# Painting Galvanized? Issues?



## LFTDJEEP426 (Dec 13, 2010)

Are there any issues with painting galvanized trailers? Do you need a special primer for it to stick to the metal?


----------



## crazymanme2 (Dec 13, 2010)

The last time I painted something galvanized I wiped down with vinegar than applied an etching primer.


----------



## BaitCaster (Dec 14, 2010)

You need a special primer.


----------



## mangelcc (Dec 17, 2010)

What type primer?? Is it self etching primer????? Anyone ever try bedliner?? I heard it was done but didn't know how it held up!!


----------



## lbursell (Dec 18, 2010)

This is what I just used on my old, starting to rust, galvanized. Light sanding to just get the oxidation and generalized crud off of the trailer frame. Wiped down with vinegar for a very light etching.
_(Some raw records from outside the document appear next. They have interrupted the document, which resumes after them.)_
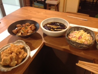 さて今日は、ピーマンの肉詰め、ナスの揚げ浸し、ささぎの油炒め、マカロニサラダ、チキン南蛮、真ガレイの一夜干しなど盛りだくさんです!
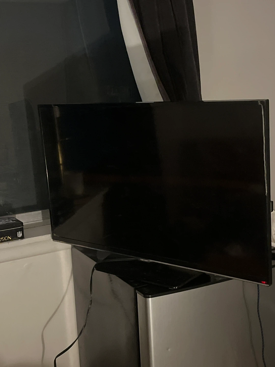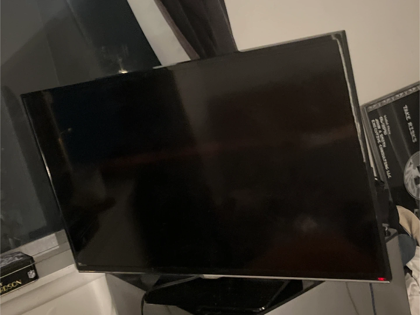 This is a gently used Samsung smart television. It has a black screen and a black frame. The television is completely functional.
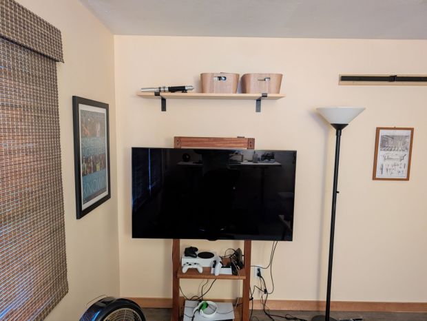 But then, the other day, I decided to hang a wall shelf and what do I notice? There is actually a 1/4″ downward slope in the floor across just 24 inches. I know for a fact the TV easel is square to the base; I built it myself. But you can clearly see the TV leans to the right compared to the wall hung shelf. Just look at it, face on. And the right side of the easel is exactly where the front of my workbench was when this was my shop.
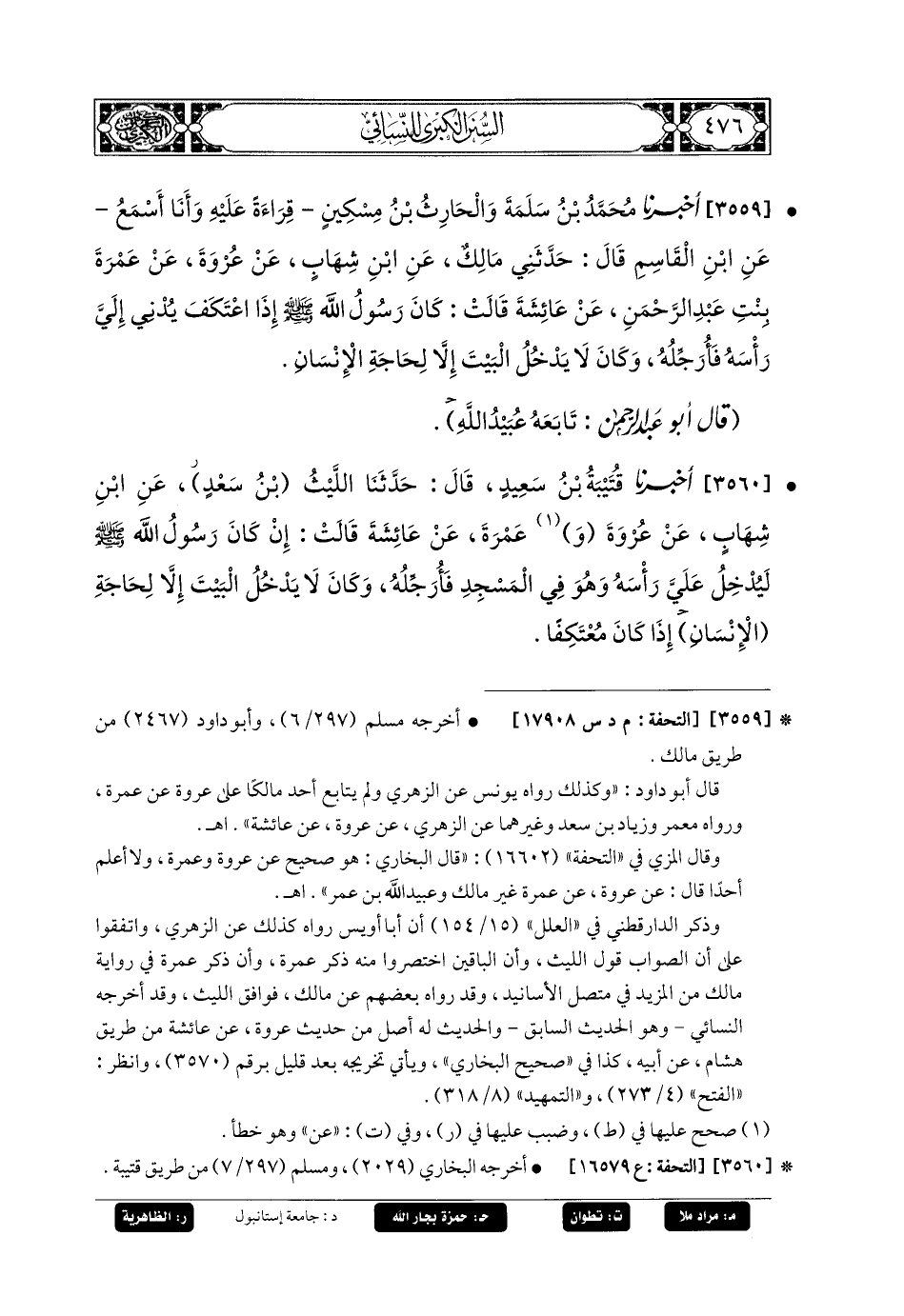 3559- أَخبَرنا مُحَمدُ بنُ سَلَمَةَ، وَالحَارِثُ بنُ مِسْكِينٍ، قِرَاءَةً عَلَيْهِ، وَأَنَا أَسْمَعُ، عَنِ ابنِ القَاسِمِ، قَالَ: حَدَّثَنِي مَالِكٌ، عَنِ ابنِ شِهَابٍ، عَن عُرْوَةَ، عَن عَمْرَةَ بِنْتِ عَبدِ الرَّحْمَنِ، عَن عَائِشَةَ، قَالَتْ: كَانَ رَسُولُ اللهِ صَلى الله عَليه وسَلم إِذَا اعْتَكَفَ يُدْنِي إِلَيَّ رَأْسَهُ فَأُرَجِّلُهُ، وَكَانَ لا يَدْخُلُ البَيْتَ إِلاَّ لِحَاجَةِ الإِنْسَانِ.

Then sprayed primer on EXTREMELY thick with a POS wagner power "painter". (I have issues with wagner.) Then, used foam rollers to apply paint. The trailer is still sitting in the garage, waiting for re-assembly, but in the end the paint job came out visually beautiful. The thing to remember about painting pretty much anything is that there is a lot more effort that goes into the prep work than into the actual painting. You can see what I've been doing under the "Resurrecting A 1652 MonArk" thread.https://www.tinboats.net/forum/viewtopic.php?f=21&t=16589


----------



## mangelcc (Dec 18, 2010)

Thanks. I'm going to try and get my trailer painted this winter it needs slot of work!!!!


----------